Google launches open source trademark initiative
The Open Usage Commons to help open source projects assert and manage their project identity
Google is launching a programme to help protect the identity of open source projects with trademark management.
The Open Usage Commons, developed in collaboration with academic leaders, independent contributors, and SADA Systems, is an organisation focused on extending the philosophy and definition of open source to project trademarks.
Trademarks are an important but complicated philosophy of open source, according to Google. With the Open Usage Commons, the company wants to help open source projects assert and manage their project identity through programmes specific to trademark management and conformance testing.
By creating independent ownership for trademarks, it gives contributors and consumers peace of mind regarding their use of project names in a fair and transparent way, according to Google. "One of the places we've historically seen projects stumble is in managing their trademarks - their project's name and logo," said Chris DiBona, director of open source at Google.
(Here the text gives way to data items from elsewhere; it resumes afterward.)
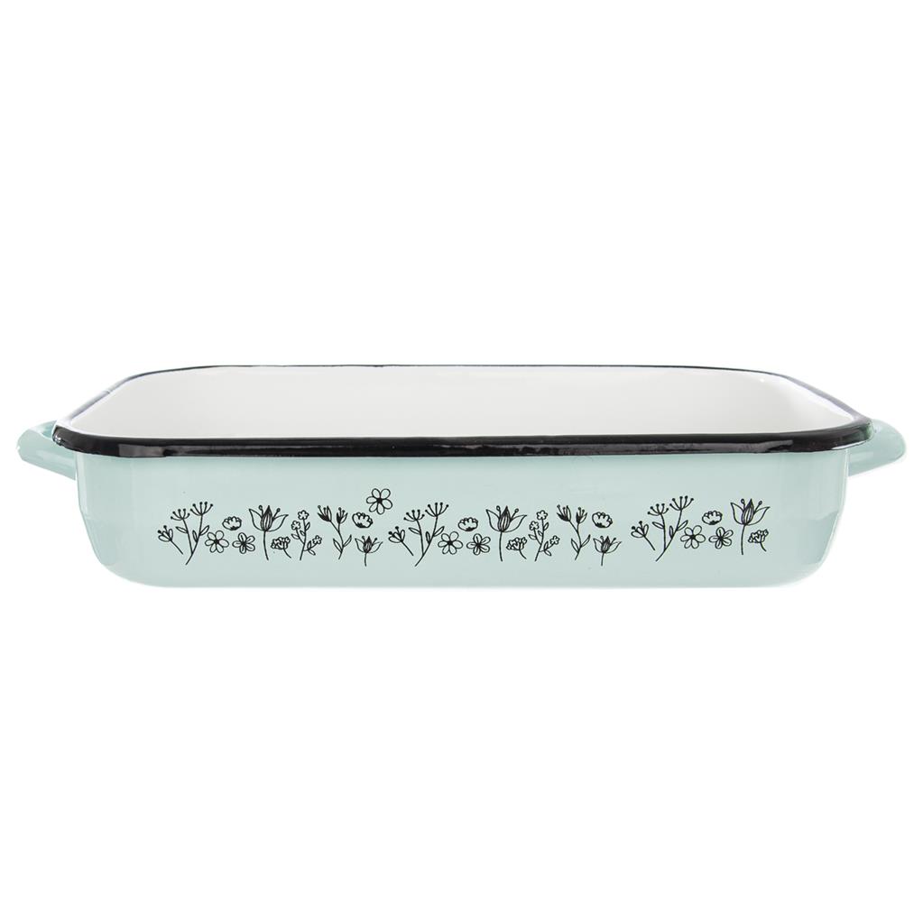 Smaltový zelený pekáč s motívom LÚKA 34×22 cm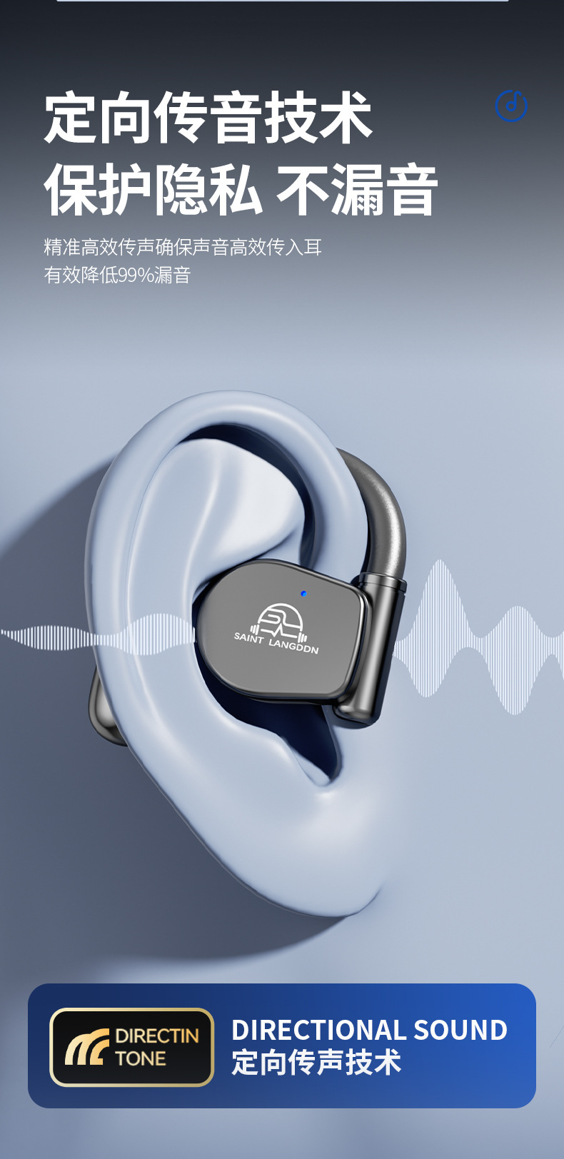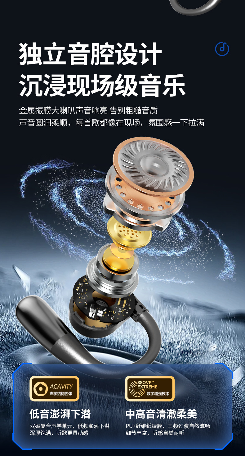 오픈형 Bluetooth 헤드셋, 무선 귀걸이형 스포츠 소음 감소, 매우 긴 배터리 수명, 달리기용 특수 헤드셋, 새로운 방수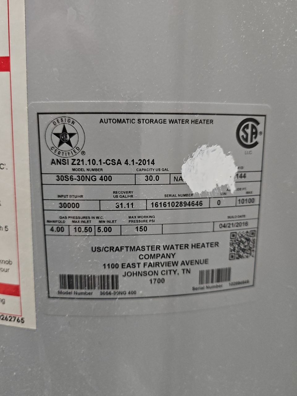 Water heater did not appear to meet manufacturer installation standards for proper installation when inspected.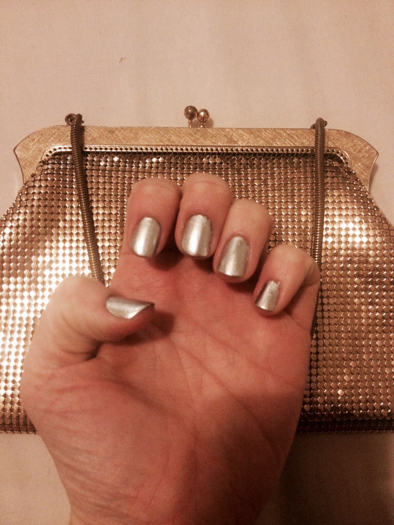I wasn’t a fan of this colour, it requires many layers to reach a good opacity, and still the polish shows the brush marks. It also gets dirty looking very quickly, and seems particularly susceptible to picking up ink stains from newspapers. Check out the results below to see the look. (Images shot with my vintage gold Oroton purse)

"How project trademarks are used is different from how their code is used, as trademarks are a method of quality assurance. This includes the assurance that the code in question has an open source licence. "When trademarks are properly managed, project maintainers can define their identity, provide assurances to downstream users of the quality of their offering, and give others in the community certainty about the free and fair use of the brand."
Google said it had learned "what works well, what doesn't" from its 20-years of contributions and community collaboration in open source. The company said that understanding and managing trademarks was critical for the long-term sustainability of projects, particularly as there is an increasing number of enterprise products based on open source.